American forensic anthropologist

Karen Ramey Burns was an American forensic anthropologist known for work in international human rights. Her specialty was the recovery and identification of human remains in criminal, historical, archaeological, and disaster-related circumstances. She worked on a number of high-profile cases, including the Raboteau Massacre and trial in Haiti, the Río Negro massacre in Guatemala, victims of genocide in Iraqi Kurdistan, the Amelia Earhart search in Kiribati, Fiji, and the Northern Mariana Islands, and the identification of the Kazimierz Pułaski remains in Savannah, Georgia, United States. She was also active in international forensic training and taught human osteology and forensic anthropology at the University of Utah in Salt Lake City. she also was worked on identifying victims of 9/11. She was a 2007–08 Fulbright Scholar at the University of the Andes in Bogotá, Colombia, where she also worked with EQUITAS, a non-governmental organization dedicated to helping families of disappeared persons due to the ongoing Colombian conflict.

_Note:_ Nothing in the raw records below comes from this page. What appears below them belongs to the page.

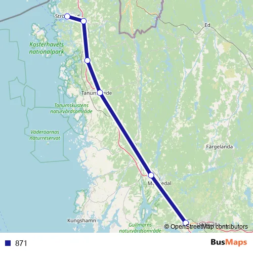The first stop of the 871 bus route is Torp Terminalen Uddevalla and the last stop is Strömstad station. 871 is operational during everyday.
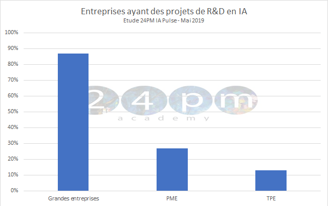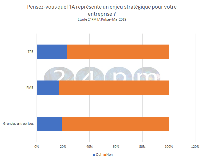 24pm Academy publie les résultats de l’étude 24pm IA pulse 2019 sur les usages des technologies d’intelligence artificielle dans les entreprises françaises qui indique que 22% des entreprises françaises considèrent que l’intelligence artificielle est un enjeu stratégique et 17% d’entre elles déclarent avoir des projets de R&D intégrant de l’intelligence artificielle.
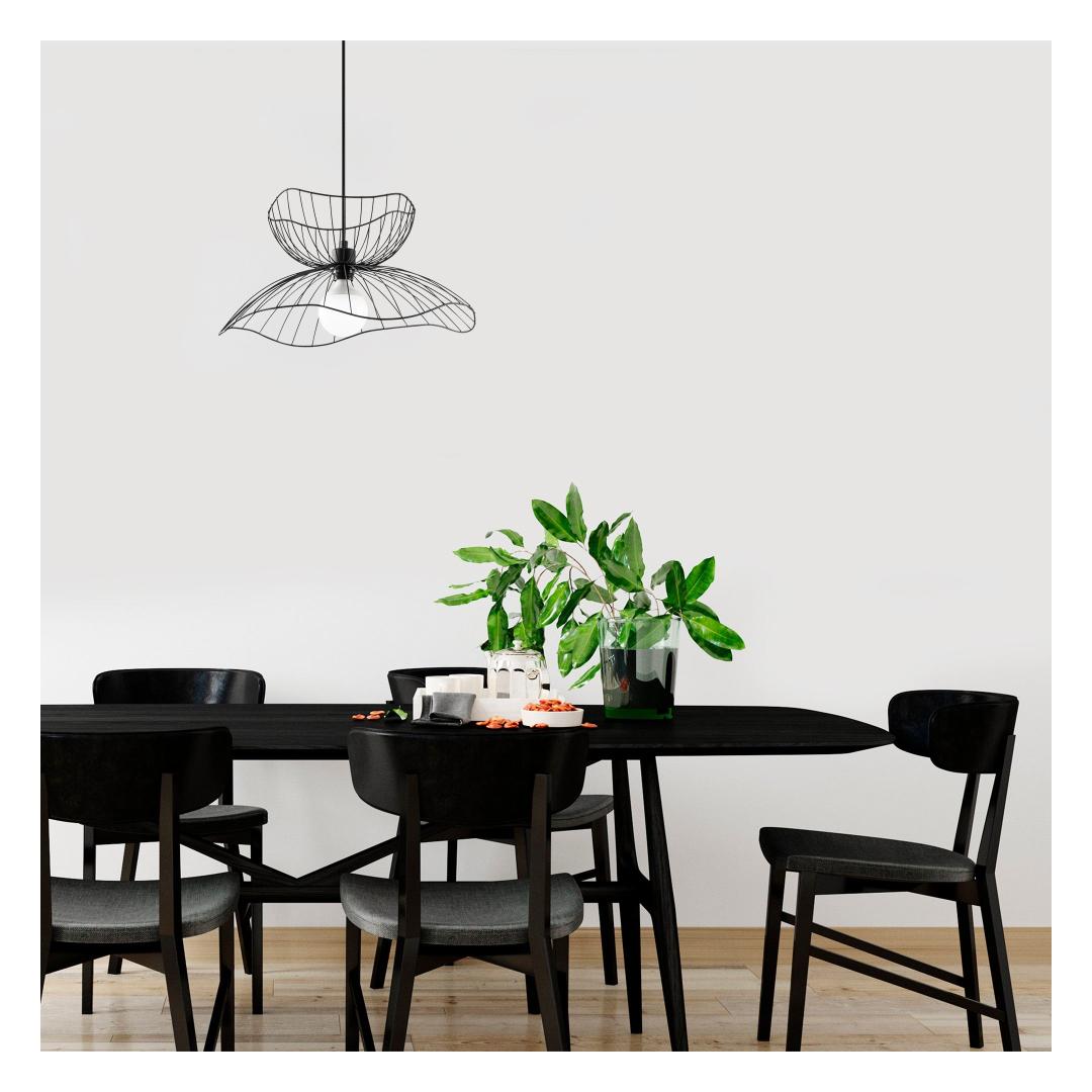 The chandelier features a captivating black color that effortlessly blends with any interior decor, adding a touch of sophistication and elegance to your space. The sleek and minimalistic design of this chandelier makes it a versatile choice for both residential and commercial settings.
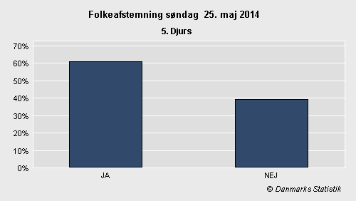 | Stemmer | | Parti | Antal | Pct. | | | | JA | 18.153 | 60,7% | | NEJ | 11.732 | 39,3% | | I alt gyldige stemmer | 29.885 | | | Blanke stemmer | 1.064 | | Andre ugyldige stemmer | 60 | | I alt ugyldige stemmer | 1.124 | | | I alt afgivne stemmer | 31.009 | |

Burns received her graduate education in forensic anthropology under the direction of the late William R. Maples at the University of Florida and developed experience in major crime laboratory procedures while working for the Georgia Bureau of Investigation, Division of Forensic Sciences. She was a fellow of the American Academy of Forensic Sciences.

She died on January 7, 2012.

==Selected works==
- Burns, K R (1999, 2007), Forensic Anthropology Training Manual
- Burns, K R (1991) "Protocol for Disinterment and Analysis of Skeletal Remains," in the Manual for the Effective Prevention and Investigation of Extra-Legal, Arbitrary, and Summary Executions, a United Nations publication.
- King, T F, R S Jacobson, K R Burns, and K Spading (2001) Amelia Earhart’s Shoes, Is the Mystery Solved?